### What to produce
Pictures are to be left out; every line from the one with "Атака Т-34 в районе Прохоровки" through the end of the data must be transcribed exactly.

Records from a data collection:
━━━━━━━━━━━━━━━━
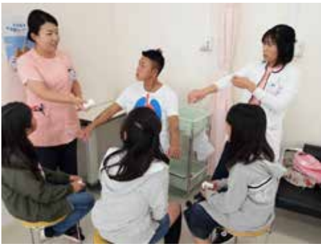
看護を体験してみよう！
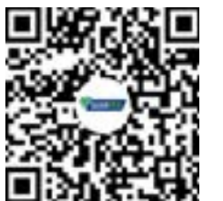
扫码观看祝福视频
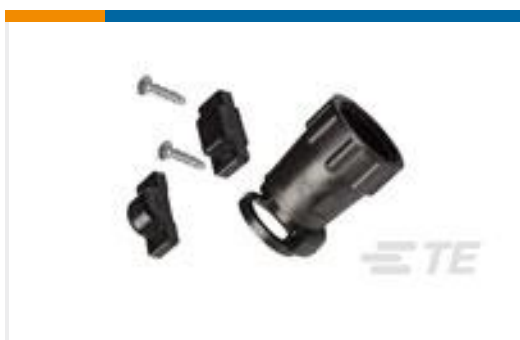
TE 产品编号206966-7 CABLE SHELL CLAMP SIZE 13
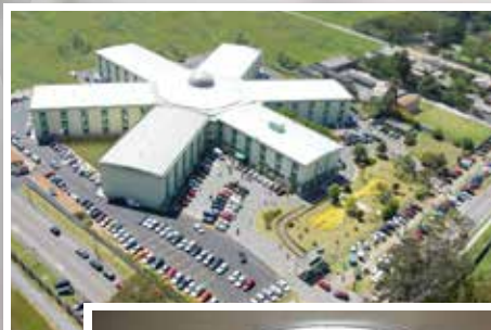
Estrutura e Profissionalismo

O carinho do acolhimento, com a segurança do profissionalismo.
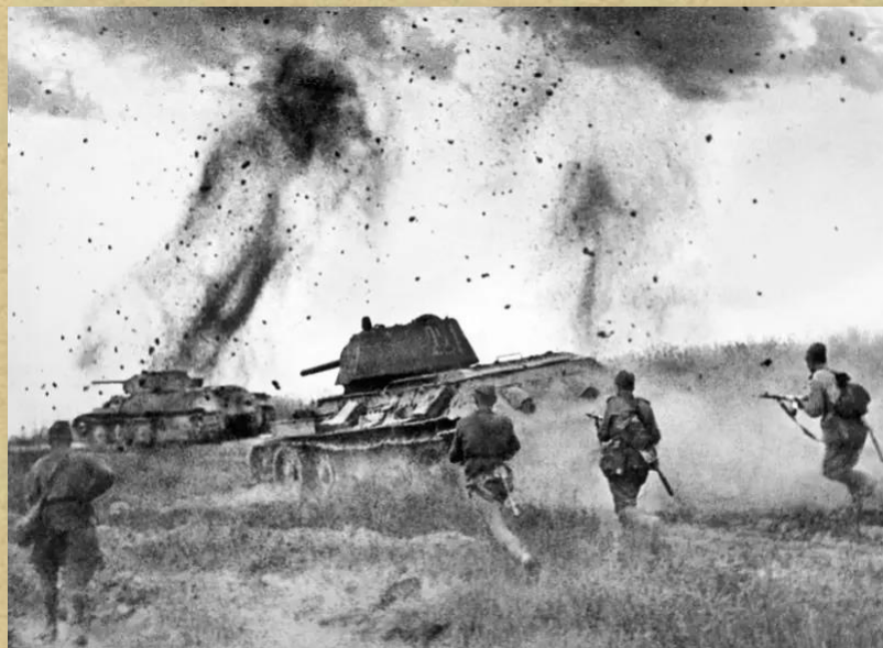
Атака Т-34 в районе Прохоровки

В районе станции Прохоровка состоялось крупнейшее танковое сражение, оказавшее влияние на весь ход Курской битвы.
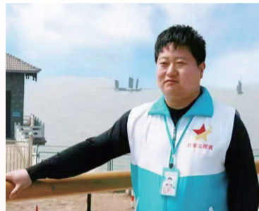
高邮市政协常委、民进高邮小组组长、市新联会会长、市红星志愿者协会荣誉会长 市秦邮老兵志愿者服务中心理事长

十年栉风沐雨,十年春华秋实。高邮市红星志愿者协会将始终与时代同行、与人民同心,继续书写属于这座城市的温暖篇章。我们期待更多爱心人士加入这个充满力量的大家庭,让每一颗红星都闪耀出最璀璨的光芒!
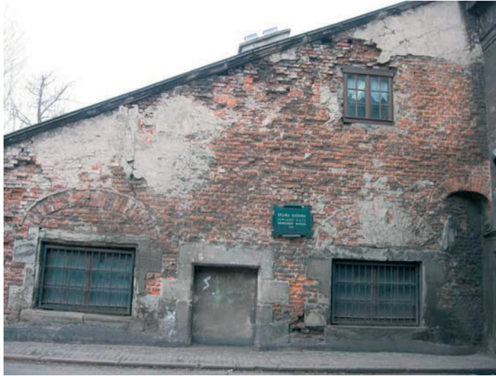
Rys. 5. Wschodnia dobudówka Bramy Nizinnej
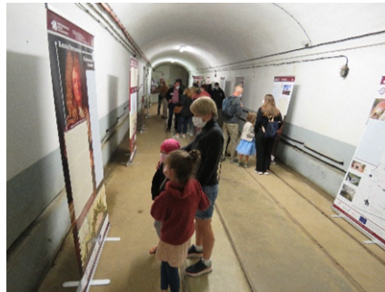
Exposition itinérante au Four à Chaux à Lembach

Screenshot während der Livestream- Pressekonferenz am 15. April 2021
━━━━━━━━━━━━━━━━
### Response below
Атака Т-34 в районе Прохоровки

В районе станции Прохоровка состоялось крупнейшее танковое сражение, оказавшее влияние на весь ход Курской битвы.
高邮市政协常委、民进高邮小组组长、市新联会会长、市红星志愿者协会荣誉会长 市秦邮老兵志愿者服务中心理事长

十年栉风沐雨,十年春华秋实。高邮市红星志愿者协会将始终与时代同行、与人民同心,继续书写属于这座城市的温暖篇章。我们期待更多爱心人士加入这个充满力量的大家庭,让每一颗红星都闪耀出最璀璨的光芒!
Rys. 5. Wschodnia dobudówka Bramy Nizinnej
Exposition itinérante au Four à Chaux à Lembach

Screenshot während der Livestream- Pressekonferenz am 15. April 2021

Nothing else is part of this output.